🤖 AI Summary
Existing reconstruction-agnostic joint embedding objectives are prone to representation collapse and struggle to capture action-sensitive dynamics, thereby limiting planning and control performance. To address this, this work proposes Delta-JEPA, an end-to-end, pixel-reconstruction-free world model that introduces a Latent Difference Action Decoder (LDAD). LDAD reconstructs actions by modeling the displacement between consecutive observations in latent space, thereby strengthening the coupling between actions and latent dynamics. The method eliminates both pixel-level reconstruction and distribution-matching regularization, significantly outperforming JEPA and representation learning baselines across four visual continuous control tasks.
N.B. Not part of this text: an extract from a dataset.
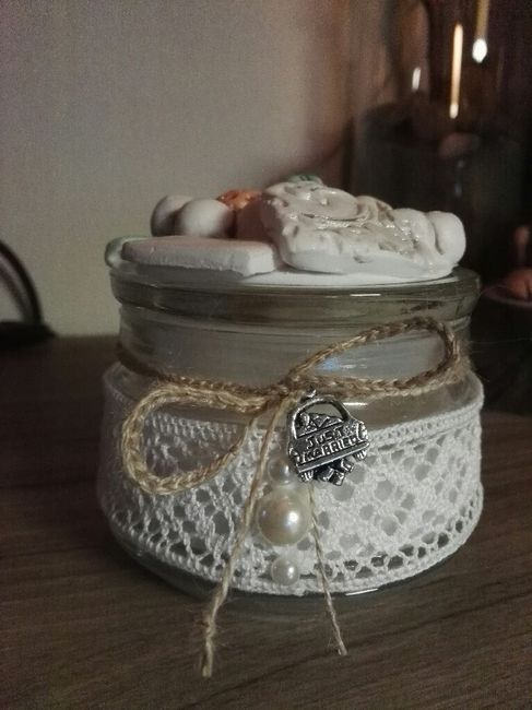Ciao ragazze,oggi ho finito la prima bomboniera...è una candela in vaso di vetro decorata interamente da me...cosa ne pensate?tutto il matrimonio sarà in stile shabby,vi metto anche la foto del "prototipo" x le partecipazioni,sul tag verranno scritti...

Ablation studies confirm that the displacement-based decoding mechanism is crucial for enhancing action-conditioned responses and planning capabilities.
📝 Abstract
Learning visual world models for planning requires compact latent dynamics that remain sensitive to actions, yet reconstruction-free joint-embedding objectives can collapse to action-insensitive representations. We propose Delta-JEPA, an end-to-end reconstruction-free world model that augments latent forward prediction with a Latent Difference Action Decoder (LDAD). Unlike inverse decoders that infer actions from concatenated endpoint embeddings, LDAD reconstructs the executed action from the latent displacement between consecutive observations. This displacement-level supervision directly regularizes transition geometry: adjacent embeddings cannot collapse without losing action information, and different actions are encouraged to induce distinguishable latent changes for rollout-based planning. Delta-JEPA uses only latent prediction and action reconstruction, avoiding pixel reconstruction and distribution-matching regularizers. Across four visual continuous-control tasks, Delta-JEPA improves planning over JEPA-based and representation-learning world model baselines. Ablations show that displacement-based action decoding is consistently more effective than endpoint concatenation, and action-sensitivity analyses show clearer action-conditioned latent responses. These results indicate that supervising latent differences is a simple and effective mechanism for collapse-resistant and action-sensitive world model learning.